During the model initialization phase, the Python model, any artifact dependencies specified, and any package dependencies specified are made available to a Python engine that attempts to load the model. The Score Data Processing Step loads binary models using pre-packaged methods. The Score Data Processing Step loads script models as modules into the Python process.
During the model scoring phase, the Score Data Processing Step scores input records as follows:
- converts incoming data into a numpy array
- Sends the numpy array as input to:
- a pre-packaged scoring function for binary models
- the user-defined scoring function for script models
- converts and retrieves numpy array output back into the record
During the model termination phase (when the scoring pipeline is shut down), the Python engine servicing the Score Data Processing step and the related execution context are ended.
The initialization and termination phases are opaque to the Python models – the models do not receive any notifications during those phases.
Persisting Values Over Records
For Python Script models, Score Data Processing Step imports the user script containing the scoring function as a module.

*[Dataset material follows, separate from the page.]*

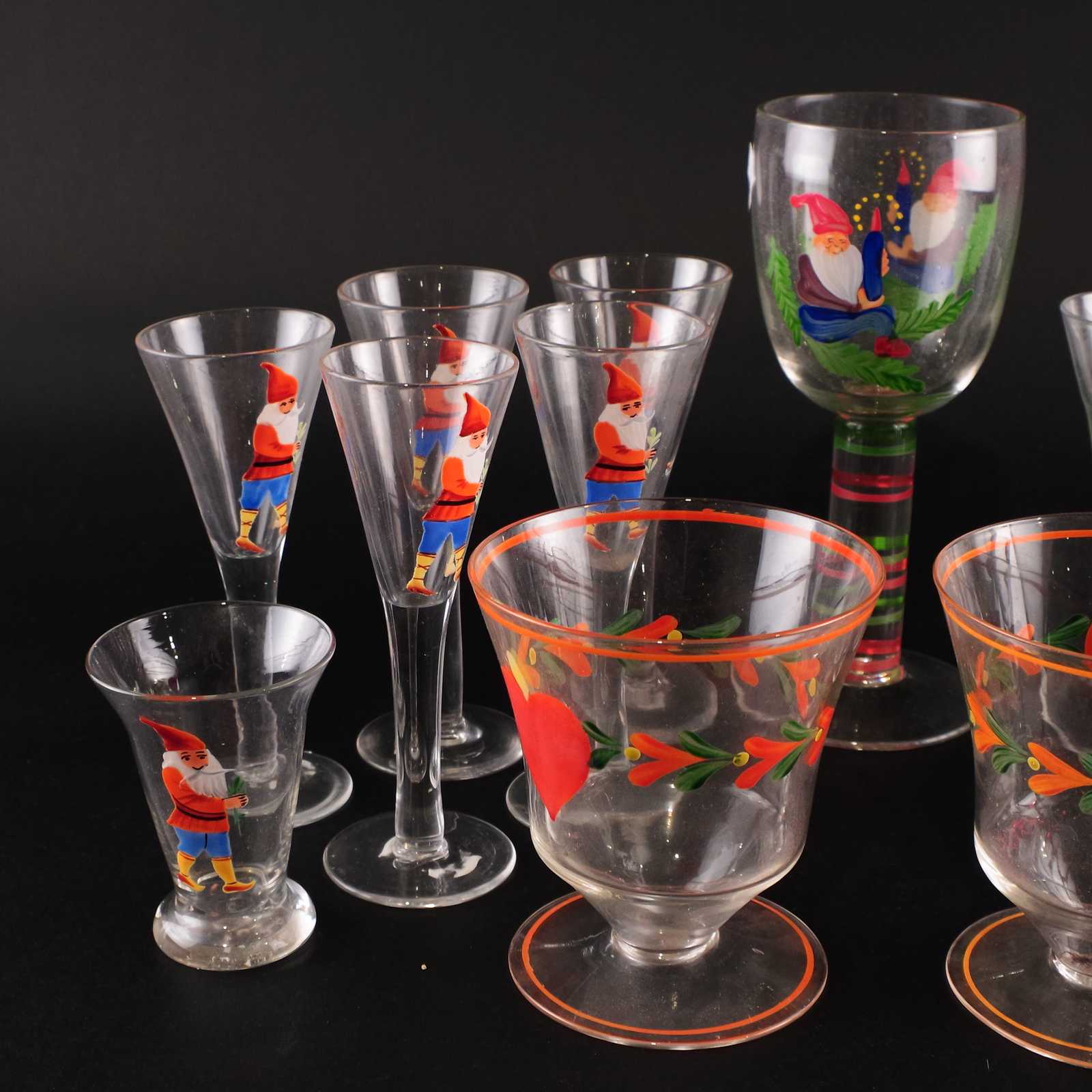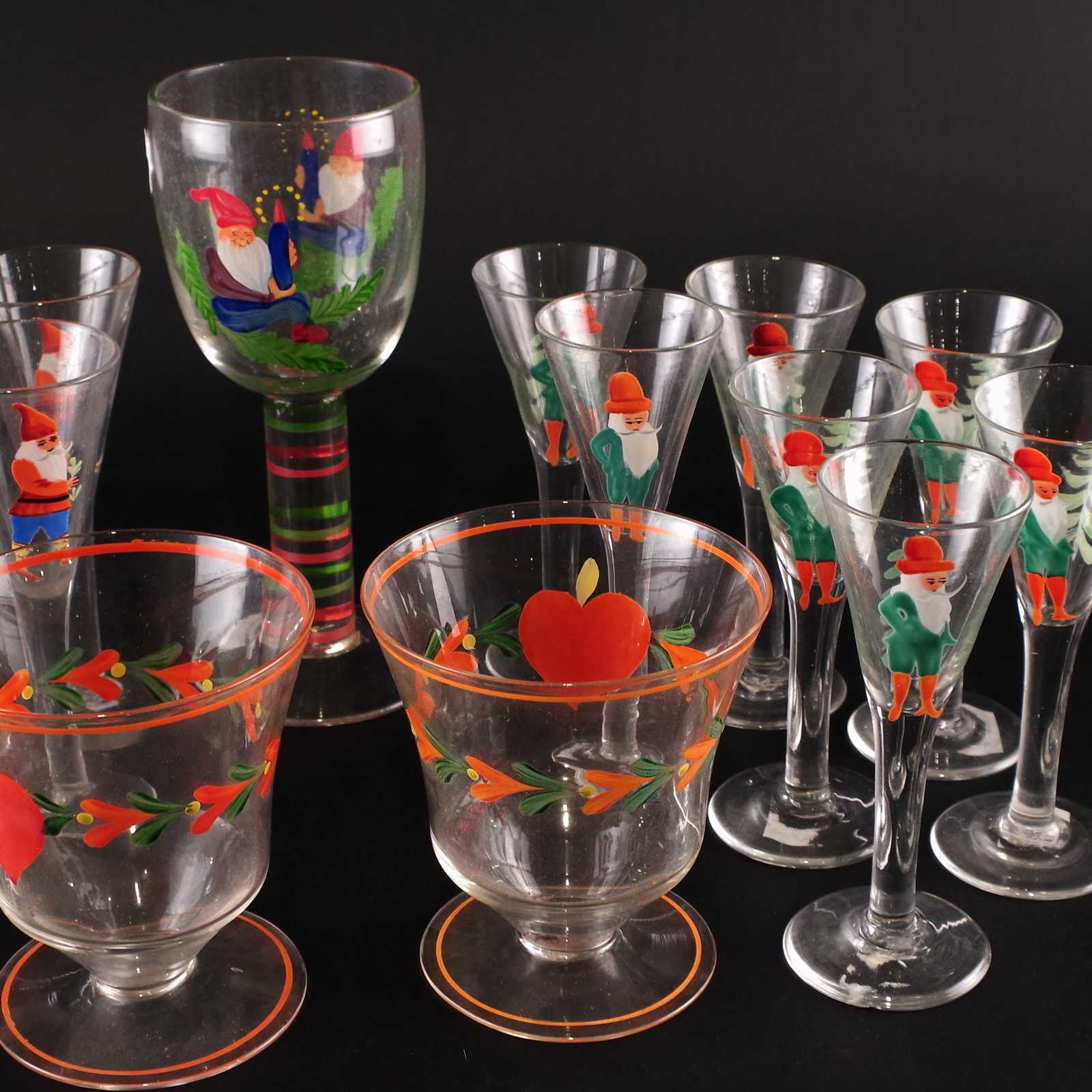 Parti GLAS äldre med julmotiv, handmålade. H:18,5cm största.
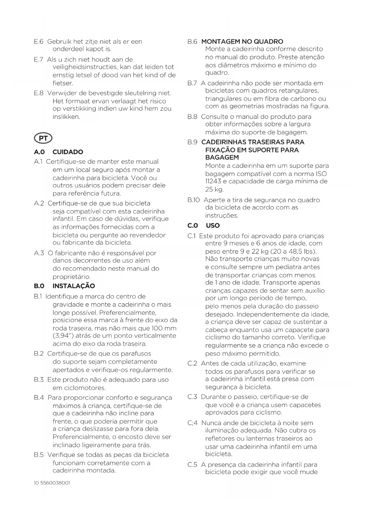 BAGAGEM Monte a cadeirinha em um suporte para bagagem compatível com a norma ISO 11243 e capacidade de carga mínima de 25 kg. B.10 Aperte a tira de segurança no quadro da bicicleta de acordo com as instruções. C.0 USO C.1 Este produto foi aprovado para crianças entre 9 meses e 6 anos de idade, com peso entre 9 e 22 kg (20 a 48,5 lbs). Não transporte crianças muito novas e consulte sempre um pediatra antes de transportar crianças com menos de 1 ano de idade. Transporte apenas crianças capazes de sentar sem auxílio por um longo período de tempo, pelo menos pela duração do passeio desejado. Independentemente da idade, a criança deve ser capaz de sustentar a cabeça enquanto usa um capacete para ciclismo do tamanho correto. Verifique regularmente se a criança não excede o peso máximo permitido. C.2 Antes de cada utilização, examine todos os parafusos para verificar se a cadeirinha infantil está presa com segurança à bicicleta. C.3 Durante o passeio, certifique-se de que você e a criança usem capacetes aprovados para ciclismo. C;4 Nunca ande de bicicleta à noite sem iluminação adequada. Não cubra os refletores ou lanternas traseiros ao usar uma cadeirinha infantil em uma bicicleta. C.5 A presença da cadeirinha infantil para bicicleta pode exigir que você mude115560038001 a maneira que entra e sai da bicicleta. Preste atenção especial a isso. C.6 Antes de cada passeio, certifique-se de que a cadeirinha montada na bicicleta não interfira com o freio, pedais ou guidão. C.7 Sempre use o cinto e certifique-se de apertá-lo corretamente ao redor da criança. Certifique-se de que o cinto e os apoios para pés não estejam soltos ou possam ficar presos em peças móveis, como as rodas. Isso também se aplica ao usar a bicicleta sem uma criança na cadeirinha. C.8 Certifique-se de que roupas, sapatos, brinquedos ou partes do corpo da criança não entrem em contato com quaisquer peças móveis da bicicleta como rodas, cabos e molas do selim. Verifique esses itens regularmente conforme a criança cresce. As molas do selim podem ser cobertas com uma proteção para molas adequada. C.9 Certifique-se de que não haja objetos afiados ao alcance da criança, por exemplo, cabos desgastados. C.10 A criança sentada frequentemente precisa de roupas mais quentes do que o ciclista. Para proteger ambos contra chuvas inesperadas, recomenda-se levar roupas à prova d'água. Nunca passeie em condições perigosas ou adversas, como tempo muito frio, que possam fazer a criança sofrer congelamento. C.11 Verifique a temperatura da cadeirinha antes de sentar a criança, especialmente em dias quentes e ensolarados. C.12 Remova a cadeirinha infantil ao transportar a bicicleta no carro. Aturbulência do ar pode danificar acadeirinha ou afrouxá-la, o que poderia provocar acidentes. C.13 Antes do uso, verifique se há leis e regulamentações nacionais específicas para transportar uma criança em cadeirinhas infantis para bicicleta.

To persist values over the span of processing of several input records, store them in the module's namespace.
The following Python script model example maintains
a cumulative sum and count of the input data in a module-scoped
dictionary values_to_persist
(using keys cumulative_sum
and cumulative_count
).
The dictionary values_to_persist
is initialized when the Python script is loaded
as a module; the key-value pairs of that dictionary can be accessed and updated
during subsequent calls to the scoring function.

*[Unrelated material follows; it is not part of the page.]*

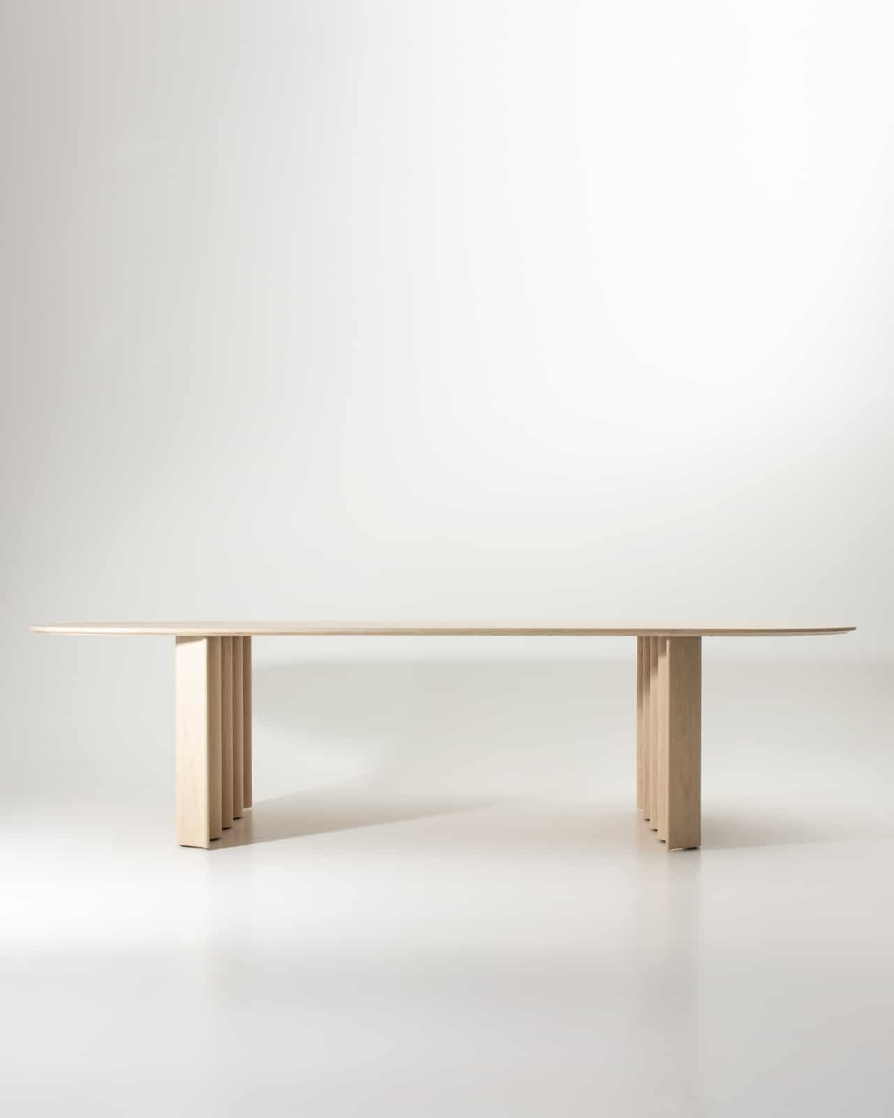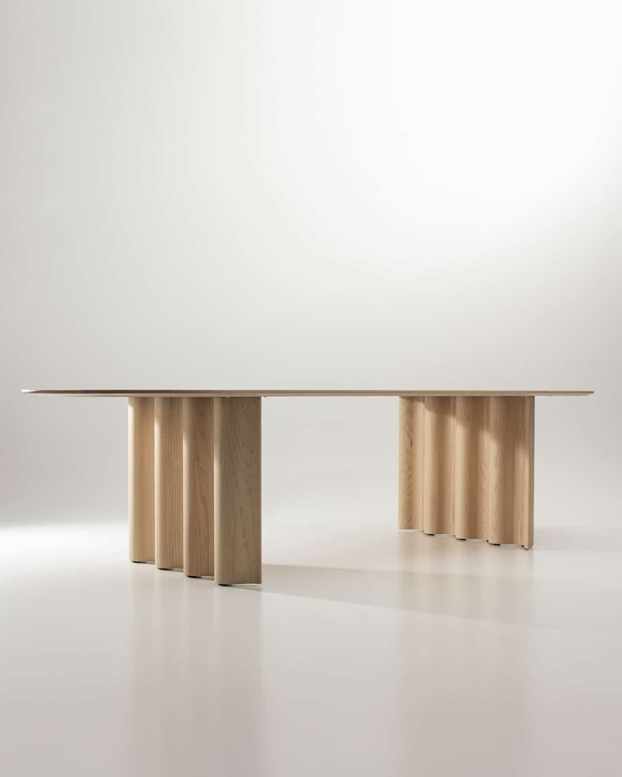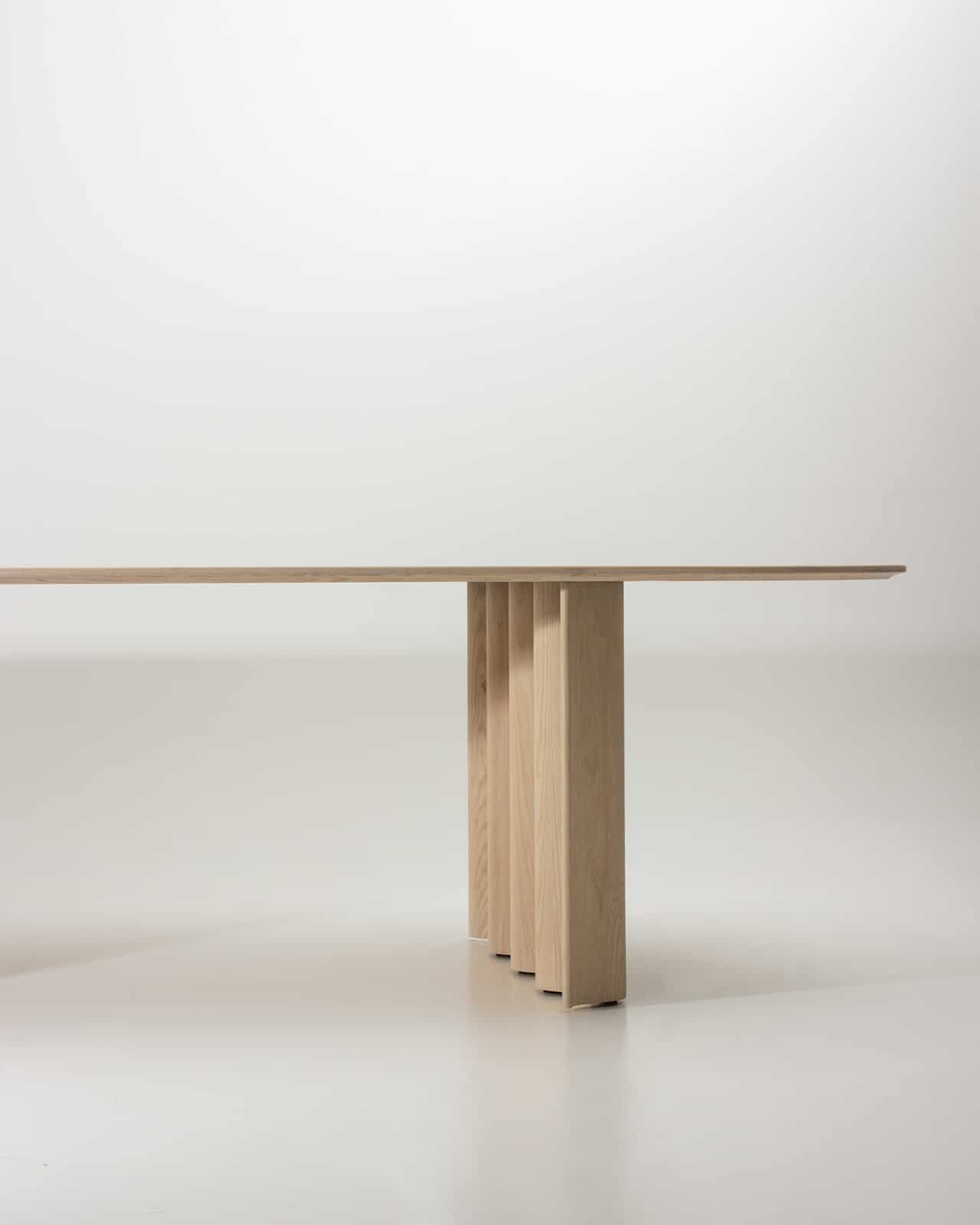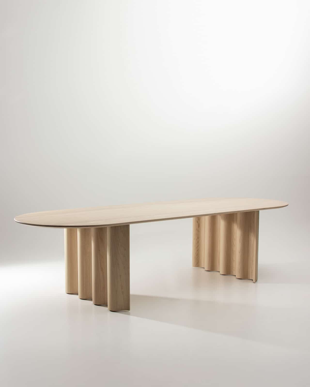 CURTAIN spielt – ähnlich einer Skulptur – mit unserer Wahrnehmung: Die Symbolik der Welle wird umso stärker, je mehr sich die Materialität des Massivholzes unterordnet. CURTAIN ist ein reiner Massivholz-Tisch: Die prägnante Form der Welle wird aus dem vollen Material herausgearbeitet, ein fast bildhauerischer Akt, interpretiert durch modernste CNC- Technik. Die Wangen werden anschließend sorgfältig von Hand geschliffen und geölt, die fließende Bewegung erwacht dadurch zum Leben.

## a running count and a running sum are
## saved in a dictionary in the module-scope
## to persist the values across several records
import numpy as np
from typing import Iterable
from typing import Tuple
# initialized once when the model loads
# ----
C_SUM = "cumulative_sum"
C_COUNT = "cumulative_count"
C_ID = "ID"
values_to_persist = {
C_SUM: 0.0,
C_COUNT: 0
}
SCORE_COLS = [C_SUM, C_COUNT, C_ID]
DUMMY_ID = -1
# ----
# the scoring function is called for every record
def score(data: np.ndarray, column_names: Iterable[str]) -> Tuple[np.ndarray, Iterable[str]]:
values_to_persist[C_SUM] += sum(data[:, 0])
values_to_persist[C_COUNT] += len(data[:, 0])
scores = np.array([[values_to_persist[C_SUM], values_to_persist[C_COUNT], DUMMY_ID]])
return scores, SCORE_COLS
Python Interpreter Used
See the Platforms page for information on the version of Python used to load and score run Python models.